Во-всяком случае, по долгу службы мистер Мак-Кензи должен был держать в одной руке весло, которым управлял ладьей, а в другой, список Книги Судеб, по которой необходимо было сверять начилие перевозимых полупрозрачных пассажиров.
Править надо было очень осторожны, не брызнув ни единой каплей ни на перевозимых, ни на себя самого. Черная тяжелая вода Стикса разъедала все не хуже концентрированной серной кислоты!
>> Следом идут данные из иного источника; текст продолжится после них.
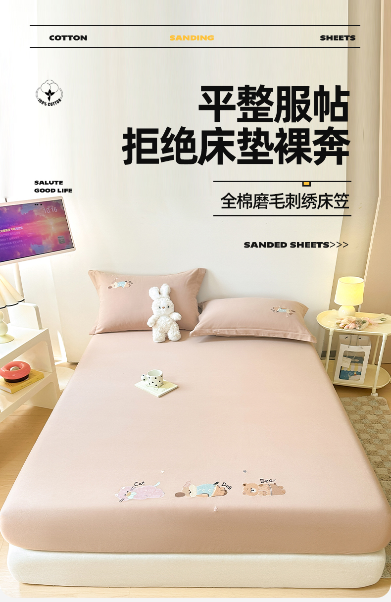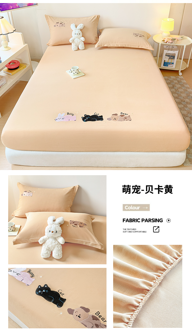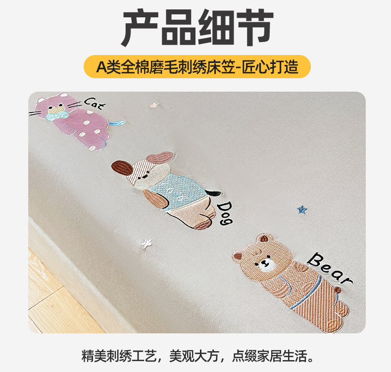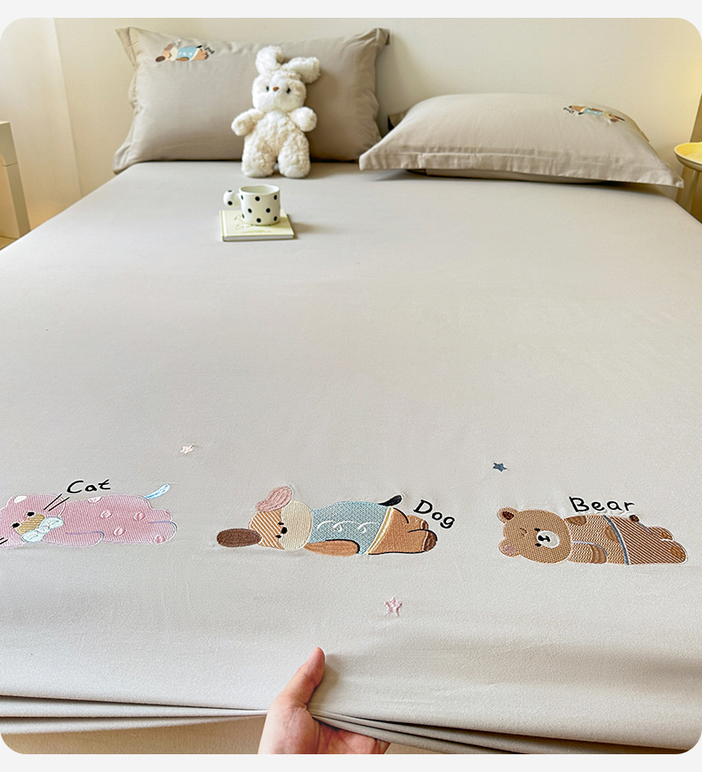 商品名称:笙意家纺 2025新款全棉纯棉磨毛刺绣单品床笠 床笠单件 萌宠-热带棕
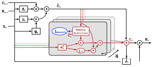 基于时刻 t 的通道注意力机制 atm ,对学生成员记忆 C_t 进行有选择性的遗忘操作,并利用 O_t 权重进行集成运算;图片来自参考文献 [7]。

Правда, мистер Мак-Кензи всегда невнимательно относился к инструкциям, так что в опасных свойствах черной воды убедился на собственном опыте, маясь в течении недели с перебинтованной рукой. Да и что такое Книга Судеб представлял он себе весьма смутно и часто называл список этот, Библией, к немалому, надо сказать, удивлению пассажиров: что такое Книга Судеб, они знали, а вот что такое Библия — нет.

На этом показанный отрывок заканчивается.